Je me jette un regard de travers dans le miroir de la petite salle de bain. Ma peau est pâle et mes yeux cernés de fatigue, mon corps frèle ne me ressemble plus... Je suis dépitée de me présenter comme ça au village.

Bien que mon apparence est peu d'importance à mes yeux, l'idée de me montrer aussi faible me déplaît.

Je porte donc de larges vêtements en lin pour cacher ma maigreur. Il est bientôt l'heure, Rémus va arriver d'une minute à l'autre.

"- Lilou va rencontrer tout le monde !! Hurle à tu-tête Louis, en courant dans mon salon. "

Je sursaute et me rattrape au meuble devant moi pour me stabiliser. Cet enfant va finir par me tuer un de ces jours.

Je me débats avec ma béquille pour aller le rejoindre et m'effondre dans le canapé. Je ne sais pas comment je vais tenir toute la journée avec ma béquille. Tout ca risque d'être vite éreintant.

"- Coucou toi, le salué-je alors qu'il saute à mes côtés sur le sofa. Tu veux bien m'attraper mes chaussures en toile, là-bas ? Demandé-je en pointant un coin du salon. "

Il s'exécute sans broncher, avant de revenir en courant, pour se coller à moi. Je souris et lui frotte le haut de la tête avec amusement.

Quand j'enfile ces petits chaussons légers mon cœur se pince. Je fixe, attristée, mes longues cuissardes qui dorment près de la porte. Je les remettrais seulement quand je me sentirais à nouveau bien dans mon corps !

Au même instant, Rémus s'annonce poliment et je sais qu'il est temps. Je me lève du mieux que je peux, et grâce à ma béquille, quitte le sentiment réconfortant de protection que me procure ma maison.

Le chef passe mon bras sur son épaule pour me soutenir sur les passerelles branlantes, tandis que Louis court avec joie devant, inconscient du vide sous ses pieds. Tandis qu'au fond de moi, une anxiété mordante étouffe mon estomac.

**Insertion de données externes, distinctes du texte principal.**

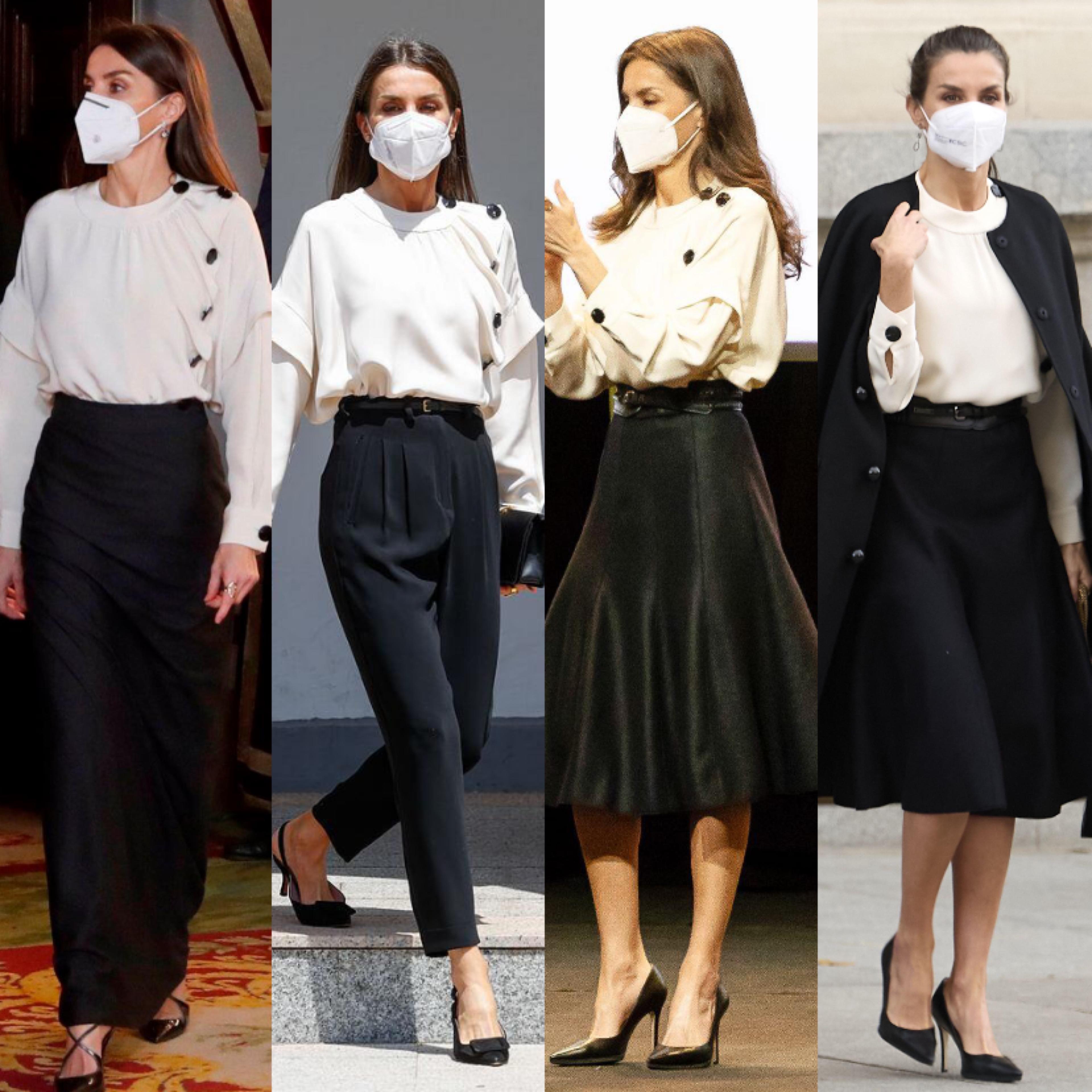 或許是女兒吃了第一口螃蟹反饋味道還不錯,2021年的開年活動中,萊蒂齊亞王后也入手了一件maksu的上衣,這是一件象牙色府綢面料的上衣,左側(cè)有黑色紐扣設(shè)計,有設(shè)計感卻并不花哨,她從入手至今,已經(jīng)穿過4次了,利用率高,搭配裙裝褲裝都可以,算得上衣櫥里的春秋百搭上衣。

Mais mon appréhension est vite surpassée par ma curiosité, mes yeux parcourent chaque nouveauté à toute vitesse, les arbres, les maisons, cette architecture atypique sculptée dans le bois... Je suis fascinée.

"- Où sont les gens ? Demandé-je au chef."

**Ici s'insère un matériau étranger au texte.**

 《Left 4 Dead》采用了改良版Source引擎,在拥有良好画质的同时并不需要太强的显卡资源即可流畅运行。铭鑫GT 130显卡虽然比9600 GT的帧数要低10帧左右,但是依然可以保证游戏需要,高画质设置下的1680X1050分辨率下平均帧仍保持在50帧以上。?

Rémus à mes côtés, conscient de mes difficultés et très patient, m'adresse un regard qui se veut rassurant.

"- Tous réunis dans la grande salle pour te rencontrer.

- Tous ? Est-ce bien nécessaire ? Repliqué-je surprise, alors que la panique grimpe à nouveau dans mes tripes.

- Bien-sûr que ça l'est, nous ne sommes qu'un petit village."

Point de vue de Wolfgang
(un peu plus tôt)

Ce matin le village semble agité, tout le monde court partout, la joie restant gravée sur leurs visages.
Bien-sûr, je ne m'occupe guère de ce genre d'agitation et mon habituelle mine renfrognée fait tâche avec le cadre.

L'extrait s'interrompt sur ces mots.